HOW TO COMPLETE THIS TASK: Would you write out, word for word, each line of the records below from the top through the one holding "Obraz na płótnie"?

Extracted data entries:
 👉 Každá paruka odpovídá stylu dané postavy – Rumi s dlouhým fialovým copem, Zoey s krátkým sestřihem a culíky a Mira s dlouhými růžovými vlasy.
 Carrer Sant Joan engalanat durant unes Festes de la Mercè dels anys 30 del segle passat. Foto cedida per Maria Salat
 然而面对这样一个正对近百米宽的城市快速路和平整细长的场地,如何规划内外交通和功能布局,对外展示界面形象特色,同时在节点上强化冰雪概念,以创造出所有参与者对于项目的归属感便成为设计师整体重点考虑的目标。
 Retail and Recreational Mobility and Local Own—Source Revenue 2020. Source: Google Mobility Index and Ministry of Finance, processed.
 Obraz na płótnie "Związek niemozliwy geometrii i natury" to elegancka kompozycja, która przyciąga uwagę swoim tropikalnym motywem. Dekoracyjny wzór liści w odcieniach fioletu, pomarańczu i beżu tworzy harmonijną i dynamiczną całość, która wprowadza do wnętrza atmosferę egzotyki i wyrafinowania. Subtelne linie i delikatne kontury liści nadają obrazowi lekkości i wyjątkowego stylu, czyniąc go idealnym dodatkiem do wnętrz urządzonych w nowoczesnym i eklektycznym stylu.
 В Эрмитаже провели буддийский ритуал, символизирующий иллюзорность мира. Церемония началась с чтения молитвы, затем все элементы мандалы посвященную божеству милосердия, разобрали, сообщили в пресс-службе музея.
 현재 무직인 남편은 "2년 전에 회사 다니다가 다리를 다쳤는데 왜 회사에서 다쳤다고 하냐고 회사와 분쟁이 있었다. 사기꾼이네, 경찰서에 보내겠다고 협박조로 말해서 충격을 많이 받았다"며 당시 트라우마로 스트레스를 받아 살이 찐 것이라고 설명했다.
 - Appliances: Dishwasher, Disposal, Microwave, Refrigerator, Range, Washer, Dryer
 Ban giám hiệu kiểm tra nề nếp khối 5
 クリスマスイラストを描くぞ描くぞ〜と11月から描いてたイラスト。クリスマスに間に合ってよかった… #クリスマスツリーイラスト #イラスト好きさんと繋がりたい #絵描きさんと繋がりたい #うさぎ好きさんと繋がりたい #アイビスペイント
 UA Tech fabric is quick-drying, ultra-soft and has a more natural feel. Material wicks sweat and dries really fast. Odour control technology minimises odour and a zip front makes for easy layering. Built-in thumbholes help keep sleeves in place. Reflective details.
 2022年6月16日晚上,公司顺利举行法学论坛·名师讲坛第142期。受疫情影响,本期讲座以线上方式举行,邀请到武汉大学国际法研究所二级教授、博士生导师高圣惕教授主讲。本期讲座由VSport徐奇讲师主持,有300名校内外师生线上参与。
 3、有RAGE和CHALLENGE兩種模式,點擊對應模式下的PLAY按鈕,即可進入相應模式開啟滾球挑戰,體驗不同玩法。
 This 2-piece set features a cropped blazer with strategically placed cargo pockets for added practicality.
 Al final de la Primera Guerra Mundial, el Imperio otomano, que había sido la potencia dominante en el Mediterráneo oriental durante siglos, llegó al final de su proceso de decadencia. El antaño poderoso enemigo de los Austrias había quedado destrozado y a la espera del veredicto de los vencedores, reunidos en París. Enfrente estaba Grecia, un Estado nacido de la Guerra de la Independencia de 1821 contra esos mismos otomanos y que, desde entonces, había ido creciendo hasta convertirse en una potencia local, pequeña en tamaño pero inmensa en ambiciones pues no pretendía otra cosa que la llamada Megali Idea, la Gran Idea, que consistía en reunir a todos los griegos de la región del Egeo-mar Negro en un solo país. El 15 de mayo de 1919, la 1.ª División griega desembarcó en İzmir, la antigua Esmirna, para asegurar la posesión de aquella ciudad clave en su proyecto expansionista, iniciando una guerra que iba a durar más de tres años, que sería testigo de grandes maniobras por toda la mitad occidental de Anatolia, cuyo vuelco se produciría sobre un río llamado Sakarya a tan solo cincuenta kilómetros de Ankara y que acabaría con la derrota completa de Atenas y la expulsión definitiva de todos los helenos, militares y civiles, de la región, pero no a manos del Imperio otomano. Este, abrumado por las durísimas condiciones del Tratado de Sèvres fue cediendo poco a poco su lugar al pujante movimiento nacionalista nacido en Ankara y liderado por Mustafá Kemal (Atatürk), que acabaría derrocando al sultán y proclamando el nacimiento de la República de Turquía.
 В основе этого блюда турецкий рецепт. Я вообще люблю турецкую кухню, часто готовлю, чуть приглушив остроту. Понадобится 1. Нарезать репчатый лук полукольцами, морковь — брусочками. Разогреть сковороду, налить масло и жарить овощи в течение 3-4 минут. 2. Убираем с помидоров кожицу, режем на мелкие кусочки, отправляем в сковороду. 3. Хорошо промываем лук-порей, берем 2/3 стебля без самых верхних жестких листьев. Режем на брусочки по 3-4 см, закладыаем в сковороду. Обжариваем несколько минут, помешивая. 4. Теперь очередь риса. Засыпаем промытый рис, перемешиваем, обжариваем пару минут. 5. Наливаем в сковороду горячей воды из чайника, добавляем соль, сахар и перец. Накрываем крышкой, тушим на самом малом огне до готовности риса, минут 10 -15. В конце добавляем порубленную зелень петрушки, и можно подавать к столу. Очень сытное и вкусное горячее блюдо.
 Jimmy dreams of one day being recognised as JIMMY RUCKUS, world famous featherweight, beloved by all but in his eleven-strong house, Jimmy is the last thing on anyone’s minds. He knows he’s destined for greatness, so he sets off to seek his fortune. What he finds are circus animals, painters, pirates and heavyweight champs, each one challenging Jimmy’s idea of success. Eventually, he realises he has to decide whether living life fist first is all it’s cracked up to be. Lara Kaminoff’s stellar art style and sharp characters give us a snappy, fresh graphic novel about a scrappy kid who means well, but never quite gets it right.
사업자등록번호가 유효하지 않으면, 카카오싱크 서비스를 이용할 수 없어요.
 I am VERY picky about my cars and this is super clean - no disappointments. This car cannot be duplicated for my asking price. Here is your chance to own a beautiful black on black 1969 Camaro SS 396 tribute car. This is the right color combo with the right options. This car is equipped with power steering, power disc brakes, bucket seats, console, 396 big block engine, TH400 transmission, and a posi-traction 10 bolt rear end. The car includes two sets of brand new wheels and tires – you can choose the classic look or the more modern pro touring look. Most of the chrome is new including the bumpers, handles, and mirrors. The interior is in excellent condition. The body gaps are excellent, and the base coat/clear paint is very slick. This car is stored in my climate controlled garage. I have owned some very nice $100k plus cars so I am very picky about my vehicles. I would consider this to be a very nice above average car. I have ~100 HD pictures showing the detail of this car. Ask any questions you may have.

RESULT OF THIS EXERCISE:
 👉 Každá paruka odpovídá stylu dané postavy – Rumi s dlouhým fialovým copem, Zoey s krátkým sestřihem a culíky a Mira s dlouhými růžovými vlasy.
 Carrer Sant Joan engalanat durant unes Festes de la Mercè dels anys 30 del segle passat. Foto cedida per Maria Salat
 然而面对这样一个正对近百米宽的城市快速路和平整细长的场地,如何规划内外交通和功能布局,对外展示界面形象特色,同时在节点上强化冰雪概念,以创造出所有参与者对于项目的归属感便成为设计师整体重点考虑的目标。
 Retail and Recreational Mobility and Local Own—Source Revenue 2020. Source: Google Mobility Index and Ministry of Finance, processed.
 Obraz na płótnie "Związek niemozliwy geometrii i natury" to elegancka kompozycja, która przyciąga uwagę swoim tropikalnym motywem. Dekoracyjny wzór liści w odcieniach fioletu, pomarańczu i beżu tworzy harmonijną i dynamiczną całość, która wprowadza do wnętrza atmosferę egzotyki i wyrafinowania. Subtelne linie i delikatne kontury liści nadają obrazowi lekkości i wyjątkowego stylu, czyniąc go idealnym dodatkiem do wnętrz urządzonych w nowoczesnym i eklektycznym stylu.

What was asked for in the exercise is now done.